A typical plot from the raw data would look like this. Very messy and illegible
fig = px.line(raw.T, title='Messy data representation of weekly sales')
fig.update_xaxes(title_text='Week')
fig.update_yaxes(title_text='Sales Count')
fig.show()
Now lets take a look at out clustered and grouped data. So much better. When a new product with certain parameter is added into the data, we can easily predict which time of the year the clustered product would sell the most. Offcourse the data is not very elobrate to support this kind of patterns since it only has amount of weekly sales from one year. It can be made more robust with other features added such as product categories, seasonal data, more data from different years etc..
Two types of products seems to fall behind in sales as the year progresses. Hmm I suppose what could that be? meanwhile the other two seems to be static and low volume.
fig = px.line(weekly_sales.T, title='After applying clustering to raw data')
fig.update_xaxes(title_text='Week')
fig.update_yaxes(title_text='Sales Count')
fig.show()
'''
Adding weekly data(every 4 columns) and further grouing by the predicted cluster and plotting monthly data'''
monthly = inf.iloc[:,:52].groupby((np.arange(len(inf.iloc[:,:52].columns)) // 4) + 1, axis=1).sum()
monthly['class'] = inf['class']
monthly_group = monthly.groupby('class').sum().astype(int).reset_index()
monthly_sales = monthly_group.drop('class',axis=1)

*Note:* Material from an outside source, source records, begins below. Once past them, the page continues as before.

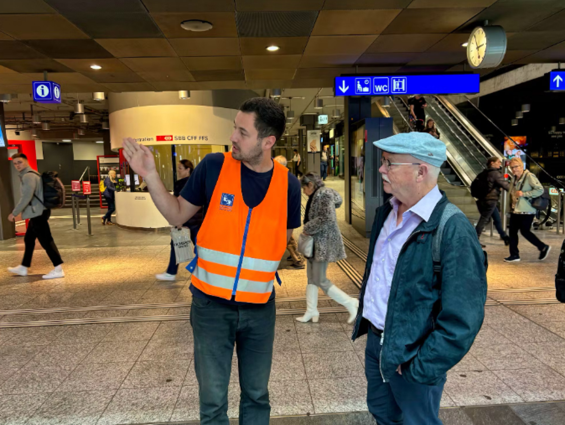 «Potremmo fare ancora di più» - Mariano è impiegato presso la Fondazione Pro Fillia, che gestisce i centri di assistenza delle stazioni di Berna e di Bienne. Toni Hodel, 72 anni, è il responsabile delle operazioni. Secondo lui, «potremmo fare ancora di più». Molte persone non conoscono il servizio di assistenza in stazione e ci sarebbe bisogno di maggiore visibilità per poter prendere in carico più richieste. Per questo motivo, gli assistenti si muovono attivamente in stazione per offrire il loro aiuto.
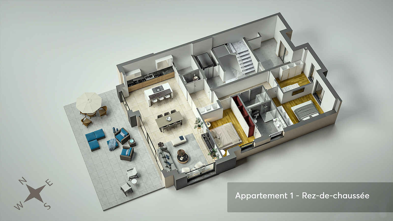 équipements premium : matériaux hauts de gamme, domotique pour le contrôle des volets, luminaires, chauffage, boite aux lettres intelligente, …
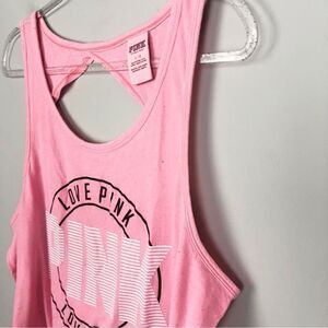 Cute and comfy tank top by VS Pink. Loose fit. Coral pink color. Sleeveless. Love Pink circle graphic on the front. Open back cutout. Has pilling and wash wear (shown in last photo example) but still life left. Womens size large.
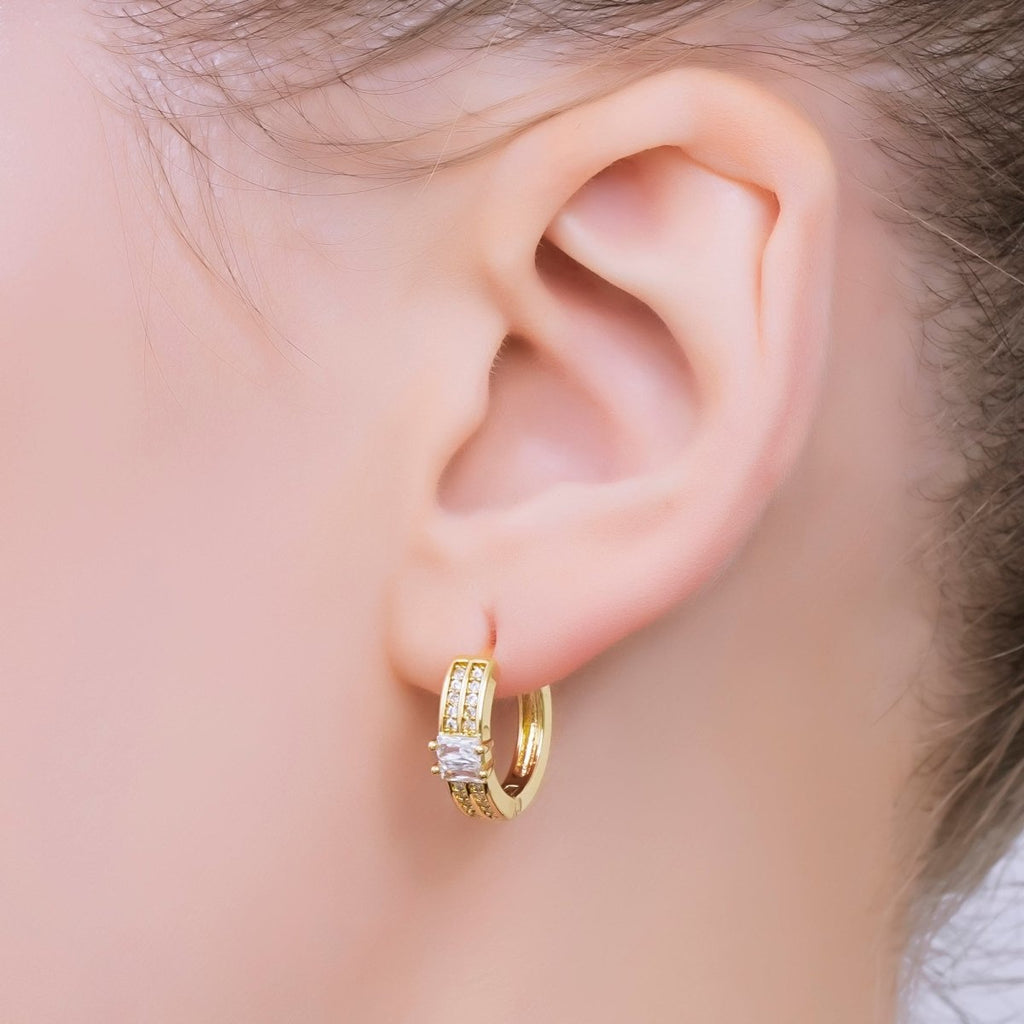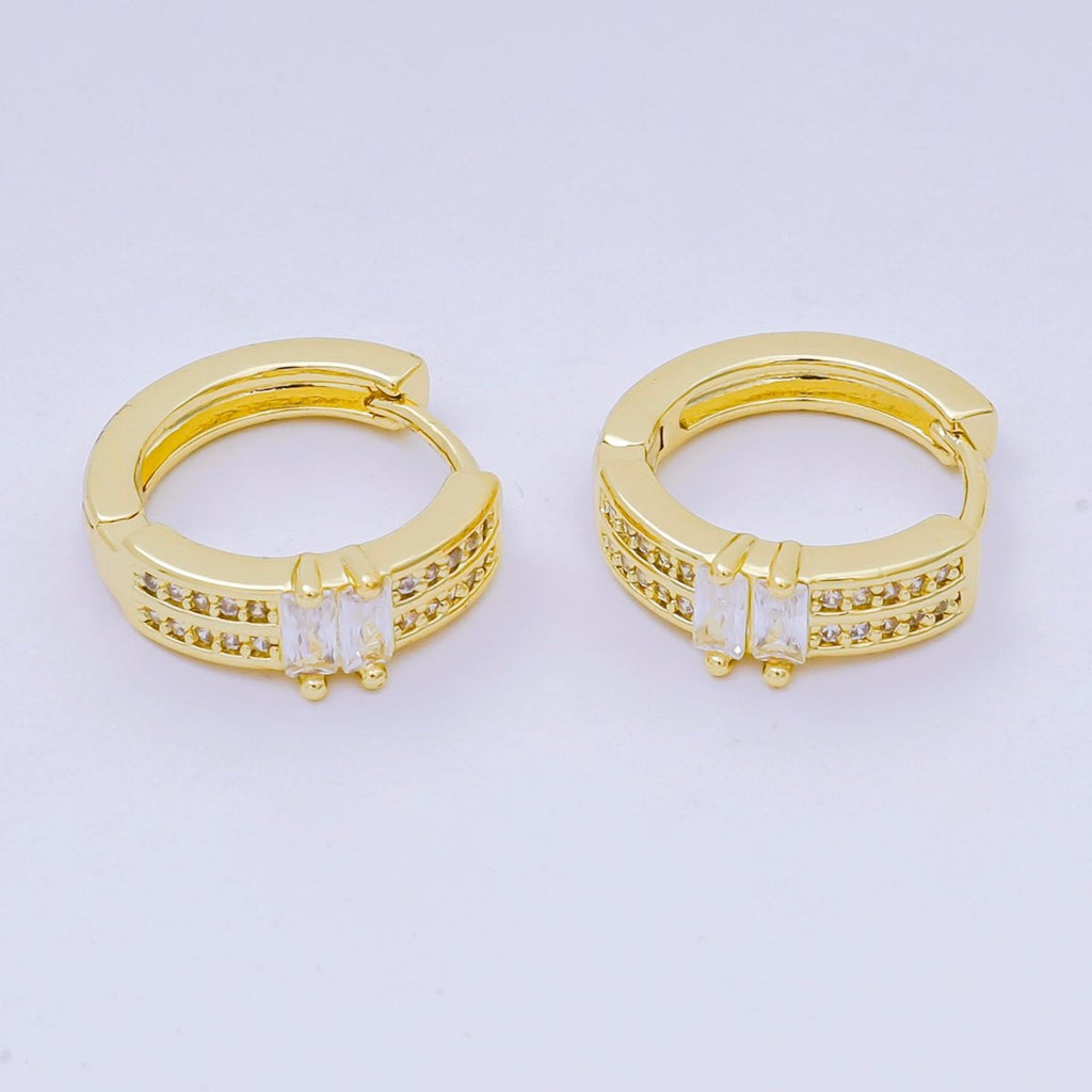 24K Gold Filled 17mm Micro Paved CZ Double Row Radiance Hinged Huggie Hoops Earrings in Gold & Silver | AJ-123 AJ-124
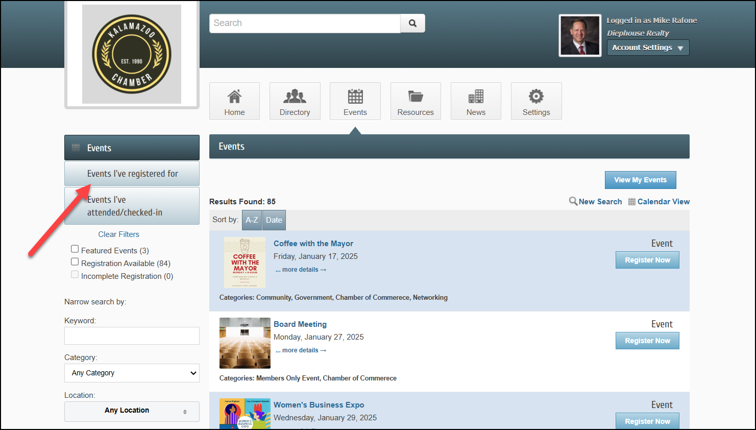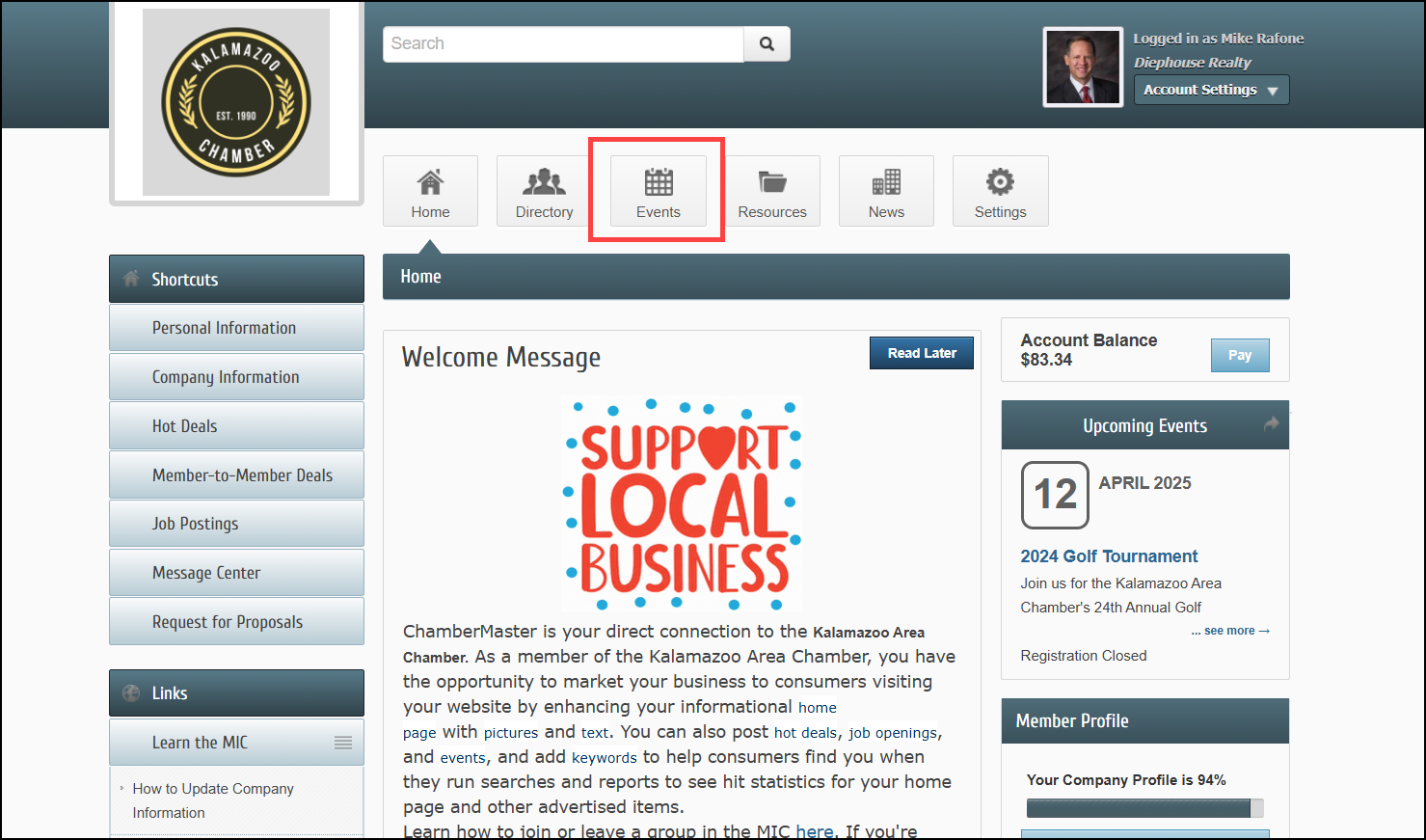 - Log in to the Member Information Center (MIC) and select Events.
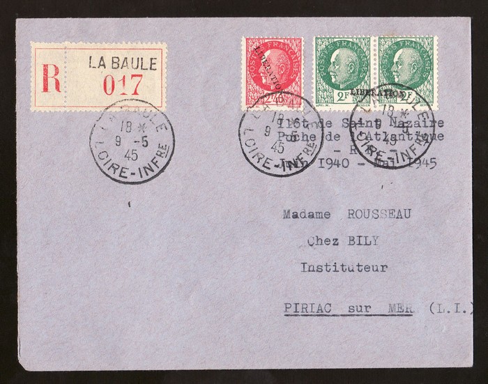 LIBERATION opt Petain 2Fr pr with single opt across both stamps, plus 2.40Fr normal opt, tied to Registered cover by 'La Baule Loire Infre 9 5 45' cds. Mayer L2 & L2(var) cat €300++. (Image1) (Image2)
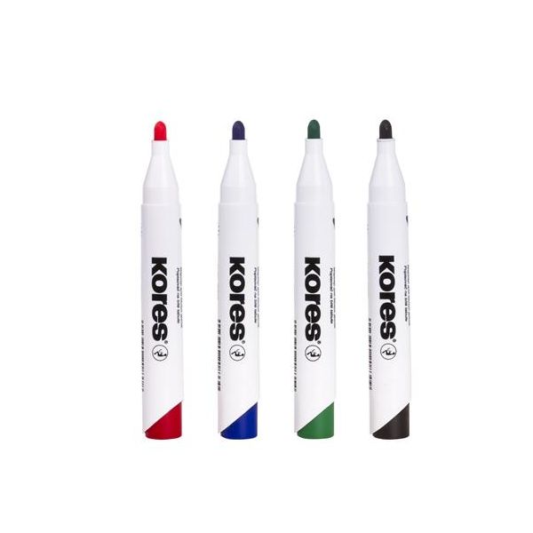 Popisovač na biele a flipchartové tabule, sada, 3 mm, kužeľový KORES "K-Marker XW1", 4 rôzne farby
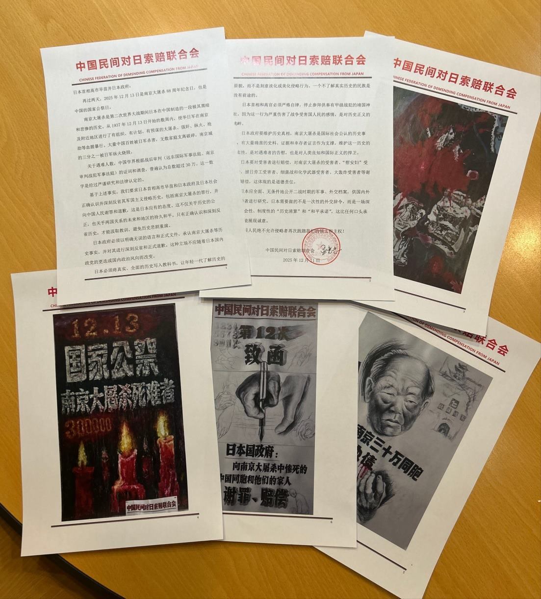 南京大屠殺88周年之際,中國(guó)民間對(duì)日索賠聯(lián)合會(huì)通過(guò)日本駐華大使館,致信日本政府及首相高市早苗,要求就南京大屠殺的罪行向中國(guó)人民謝罪并賠償。

fig = px.line(monthly_sales.T, title='Monthly sales of different clusters')
fig.update_xaxes(title_text='Month')
fig.update_yaxes(title_text='Sales Count')
fig.show()
Okay so we went through two different dimensionality reduction techniques and one clustering techniuqe in the form of Kmeans. There are several other algorithims for clustering like DBSAN, Agglomerative clustering etc.. but this notebook is already too long and the results are quite decent for the combination of kmeans and PCA. Thank you for your attention and have a good day!